On entry, the off-diagonal element associated with the rank-1 cut which originally split the two submatrices which are now being recombined. On exit, rho has been modified to the value required by DLAED3.

in

Z

Double precision array, dimension (N). On entry, Z contains the updating vector (the last row of the first sub-eigenvector matrix and the first row of the second sub-eigenvector matrix). On exit, the contents of Z have been destroyed by the updating process.

out

dlambda

Double precision array, dimension (N). A copy of the first K eigenvalues which will be used by DLAED3 to form the secular equation.

out

W

Double precision array, dimension (N). The first K values of the final deflation-altered z-vector which will be passed to DLAED3.

out

Q2

Double precision array, dimension (N1**2+(N-N1)**2). A copy of the first K eigenvectors which will be used by DLAED3 in a matrix multiply (DGEMM) to solve for the new eigenvectors.

out

indx

Integer array, dimension (N). The permutation used to sort the contents of DLAMBDA into ascending order.

out

indxc

Integer array, dimension (N).

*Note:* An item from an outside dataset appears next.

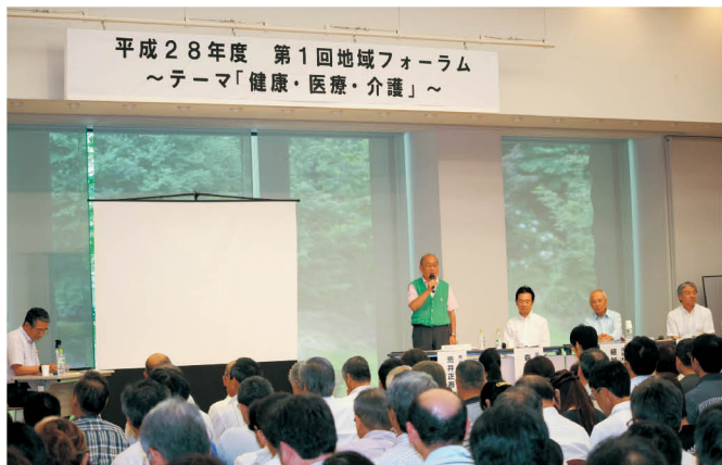
第1回では、榎原市長、高取町長、明日香村長が参加しました。

基調講演では、「地域医療構想と地域包括ケアシステム」と題して、今川院長が、地域中核病院として

The permutation used to arrange the columns of the deflated Q matrix into three groups: the first group contains non-zero elements only at and above N1, the second contains non-zero elements only below N1, and the third is dense.

out

indxp

Integer array, dimension (N). The permutation used to place deflated values of D at the end of the array. INDXP(0:K-1) points to the nondeflated D-values and INDXP(K:N-1) points to the deflated eigenvalues.

out

coltyp

Integer array, dimension (N). During execution, a label which will indicate which of the following types a column in the Q2 matrix is: 1: non-zero in the upper half only; 2: dense; 3: non-zero in the lower half only; 4: deflated. On exit, COLTYP(i) is the number of columns of type i, for i=0 to 3 only.

out

info

• = 0: successful exit.

• < 0: if info = -i, the i-th argument had an illegal value.